There's a much easier & faster method of proof to show that the square root of ANY non-square number is irrational. The square root of a positive integer n is the solution of the polynomial x^2 - n = 0. By the Rational Root theorem, the only rational candidates are factors of n, and since none of them work, the solution must be irrational! QED :)
@@AchtungBaby77 This proof is less formal than the one shown in the video. If you want it to be just as formal, you'll have to prove the theorem. However that's way more complicated and unnecessary.

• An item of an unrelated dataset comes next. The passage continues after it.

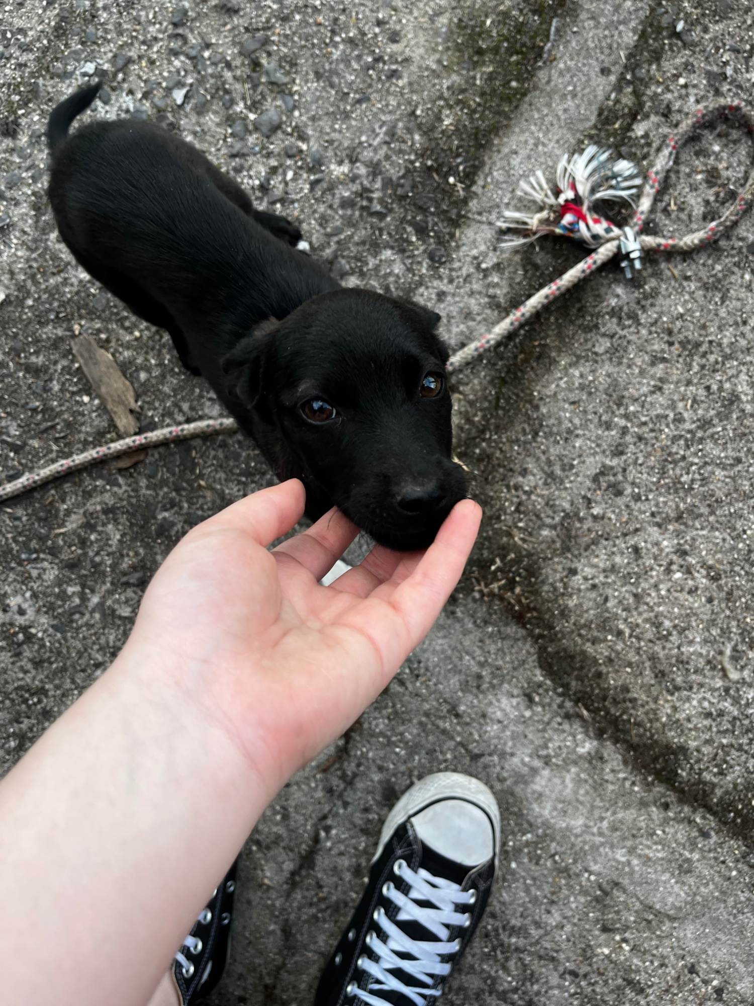 entramos ela na rua, ainda é tímida, mas com carinho se solta bastante

What is ring?? What do you mean algebraic integer?? Remember to not use too much mathematical jargon. Not many people understand it, even students from math department
@@arolimarcellinus8541 This solution relies on theorems from abstract algebra (usually a 2nd or 3rd year undergrad course). A "ring" is a set with addition and multiplication, satisfying certain axioms. An "algebraic integer" is a root of a monic polynomial (i.e., leading coefficient is 1, all other coefficients are integers). e.g., 1, sqrt(3), (1+sqrt(5))/2 are algebraic integers, whereas 1/2, (1+sqrt(7))/2 are not. The first theorem I used is the fact that the set of algebraic integers is a ring. This isn't easy to prove but it's a standard fact from abstract algebra. This theorem implies that the sum of two algebraic integers is also an algebraic integer. The second theorem I used is the rational root theorem (much easier to prove), which says that a rational algebraic integer must be an integer. Hope this helps
Where is the *proof* that 5 + 2*sqrt(6) is irrational? We've proved that sqrt(6) is irrational, but nothing you've shown has proven that a linear combination of rationals with a single irrational is irrational. That is true - and not difficult to prove - but you can't just say "because it has an irrational tucked away inside" the expression. Rigorous proofs don't rely on "I say so".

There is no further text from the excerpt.